Voters in Santa Clara, Santa Cruz and Monterey Counties approved sales tax increases to provide local funding for transportation, while Contra Costa County voters rejected their county’s proposed tax to fund transportation improvements.
With declining gas tax revenues and a history of the state seizing certain local revenues to cover state funding shortfalls, 11 counties throughout California put sales tax measures on the ballot to fund transportation projects. Santa Clara Measure B and Santa Cruz Measure D will raise county sales taxes by half a cent beginning next April, while Monterey County Measure X adds a 3/8 cent sales tax. Each of these measures generates funding for highway expansion and local road maintenance, and bicycle facilities. A portion of the tax revenue in each of these measures is also reserved for senior and disabled lifeline transportation services. Santa Clara County’s tax will also fund transit operations and Phase II of BART’s expansion into the South Bay, which includes stations at Alum Rock, downtown San Jose, Diridon Station and Santa Clara.
Perhaps a little paradoxically, Monterey County residents voted to ban fracking even as they voted for a plan in which four of every five dollars will be spent to increase road capacity throughout the county. The San Ardo oil field in Monterey County produces about 20,000 barrels of crude per day.
BART District voters approved the $3.5 billion bond measure RR, which BART says will be used to replace and repair infrastructure such as tracks, tunnels, and the electronics used for train operations.

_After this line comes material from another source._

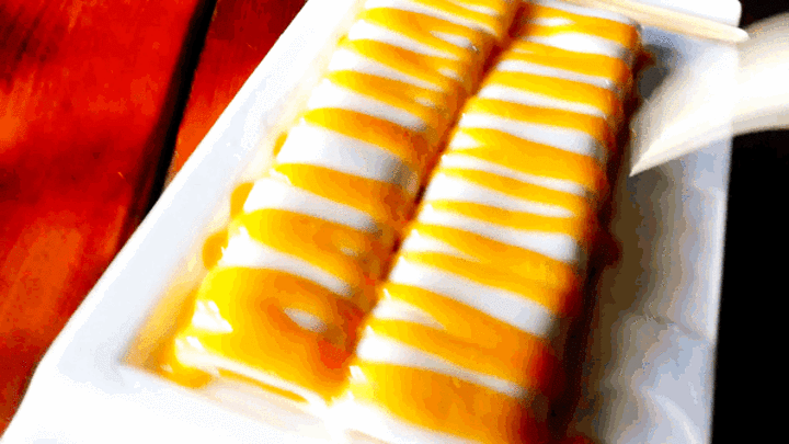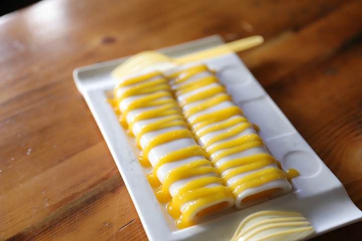 芒果肠粉,当时我把这张照片发朋友圈,我朋友圈直接炸了。根本没有见过这种东西。肠粉很多人都吃过,但是芒果肠粉简直就是迪丽希二世呀。芒果果肉被肠粉包裹着,视觉上都是一种冲击。把肠粉和芒果吃在嘴里,一股浓浓的芒果香充斥着口腔,肠粉在嘴里划动着。虽然说不是入口即化,但是这感觉妙哉妙哉。

Alameda County voters also approved the continuation of the existing parcel tax that funds transit operations.
San Francisco voters approved Proposition J, which directs the city to set aside $150 million a year from for services to the homeless and transportation improvements. Voters, however, rejected Proposition K, the sales tax measure that would have provided the funds required to fund Prop J projects.

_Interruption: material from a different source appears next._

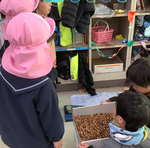 その後、2組では、生活科で作成したどんぐりのおもちゃを使って一緒に遊びました。

Los Angeles County approved Measure M for transportation, with the lion’s share going to bus and rail operations, and zip for highway expansion. Measure M has been well covered elsewhere in mainstream news media and throughout the alt-media blogosphere.
Voters in Stanislaus County approved Measure L for road improvements. 50% goes for local road maintenance, 28% is set aside for “regional projects” (mostly large highway projects, but lifeline transit service falls under this category too), 10% for “traffic management” (i.e. congestion relief, which for Central Valley planners mostly means intersection Level of Service “improvements”), and 5% for pedestrian and bike projects.
Merced County also approved their transportation tax measure, Measure V. 44% will go for “regional projects” (mostly highway expansion, but bus rapid transit and passenger rail are also listed as possible projects), 40% to local projects (road maintenance, etc), 10% for “local alternative modes” (e.g. sidewalks and bike trails), and 5% is dedicated to transit projects.
Self-help transportation taxes failed in Sacramento (Measure B), Ventura (Measure BB), San Luis Obispo (Measure J), San Diego (Measure A), Placer (Measure M), and Humboldt (Measure U) Counties.
The parcel tax extension was in the Alameda-Contra Costa Transit District, theWestern parts of Alameda and Contra Costa Counties.